What this task involves
Once you find the line with "All information about" in the data below, transcribe exactly each line from there to the line with "为了测试,我没有指定项目查看文件,因此,AI 先是扫描查找目标位置。", inclusive, and nothing else. Drop the pictures.

Records provided
──────────────────────────────

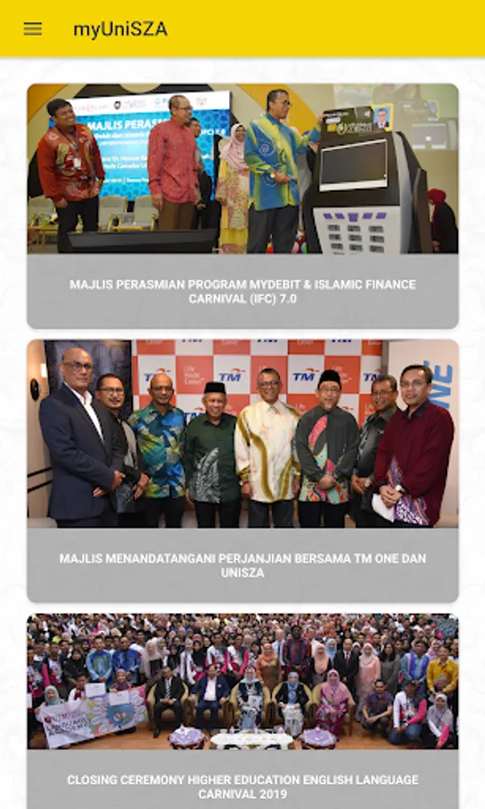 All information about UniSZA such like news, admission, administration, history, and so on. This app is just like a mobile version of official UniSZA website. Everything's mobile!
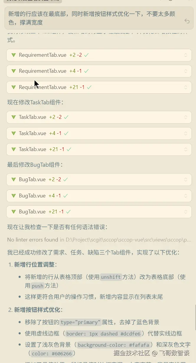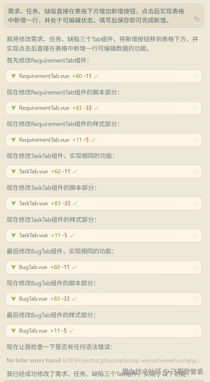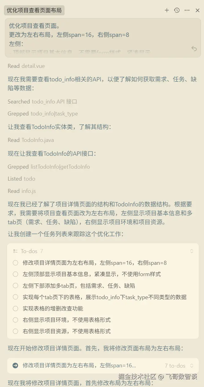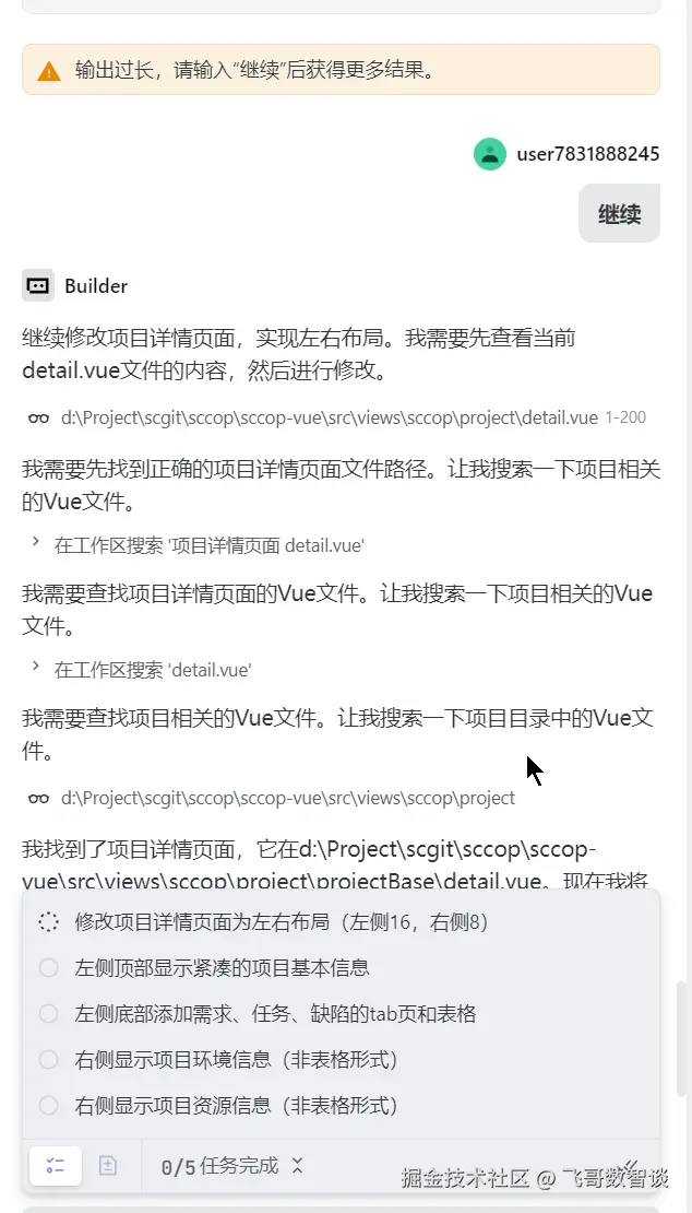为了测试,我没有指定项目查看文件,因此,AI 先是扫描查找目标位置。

──────────────────────────────

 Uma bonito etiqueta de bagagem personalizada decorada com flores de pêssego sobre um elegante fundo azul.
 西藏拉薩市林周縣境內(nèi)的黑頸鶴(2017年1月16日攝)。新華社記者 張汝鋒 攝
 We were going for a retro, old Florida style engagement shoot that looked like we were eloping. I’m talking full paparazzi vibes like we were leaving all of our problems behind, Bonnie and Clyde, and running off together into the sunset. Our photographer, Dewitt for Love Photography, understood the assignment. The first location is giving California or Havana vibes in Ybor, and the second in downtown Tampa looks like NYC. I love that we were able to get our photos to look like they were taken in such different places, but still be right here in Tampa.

──────────────────────────────

Exercise result
 All information about UniSZA such like news, admission, administration, history, and so on. This app is just like a mobile version of official UniSZA website. Everything's mobile!
为了测试,我没有指定项目查看文件,因此,AI 先是扫描查找目标位置。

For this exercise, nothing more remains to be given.